The two thoroughbreds moved in unison, their approach slow and balanced. Ukhayyad felt that he was flying on wings in the air, his heart nearly bursting from the enchantment, anxiety, and hidden joy of the moment. Possessed by the music, he lived as hostage to the dance, its passion, and mysterious longing. He guessed that the magnificent piebald shared these same wrench- ing sensations as they went along to the circle, though he could not say how.

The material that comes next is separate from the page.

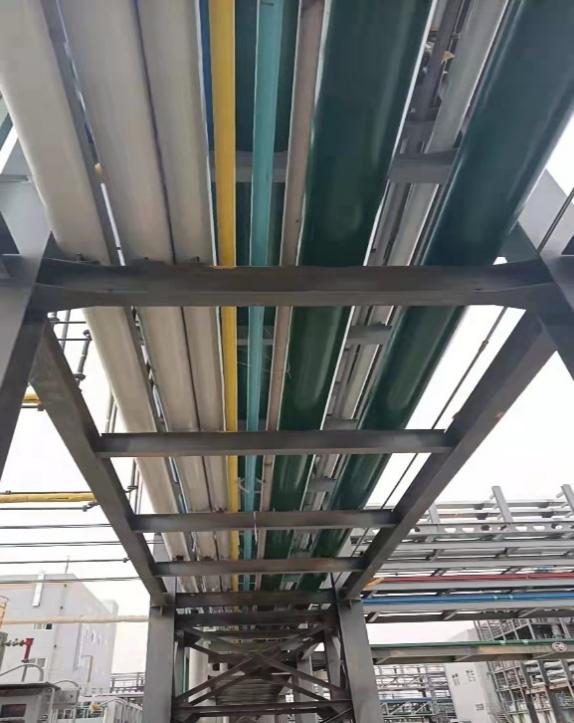 目前保溫用各類彩鋼板共計使用約35000㎡,各類管線保溫絕熱材料共計使用約30000m,各類設備保溫材料約400m3。為確保投產順利平穩(wěn)運行,項目人員對剩余未保溫設備、管線加速保溫,逐一銷項,在此期間,為規(guī)范業(yè)主公司安全警示標志管理,色標統(tǒng)一規(guī)范,結合現場實際情況,為各類管線穿上不同的“衣服”。

He awoke from the dream to find his partner had swaggered off to the east, toward the line of riders. For his part, the piebald had veered instead to the left, and turned back upon the dancing arena. The girls in the circle laughed among them- selves. Mortified, Ukhayyad took the enchanted whip into hand, hoping to drive the camel back into formation. But as soon as the piebald felt the blow of the whip on his skin, he went mad. Instead of moving toward the right or rejoining his partner, he kicked at the circle of girls, then lost his mind altogether. Ukhayyad whipped his flanks again, but the beast’s madness only grew fiercer. He rushed directly into the women’s circle, smashing a handsome drum covered with gazelle skin. The women scattered and the singing came to a halt. Then all was commotion. Ukhayyad pulled the reins until the neck of the mad thoroughbred arched backwards between his legs. But even reining him like that did not stop his frenzied motion across the dance arena. He continued to kick at everything in his path, frothing at the mouth and champing wildly at the bit.
Froth began to fly all over the women in gleaming sprays. Then a throng of strong men on foot hurried over and caught him in ropes. The piebald struggled against them too, so that they were forced to knock him down.
Together, Ukhayyad and the piebald were thrown to the ground on the dance arena.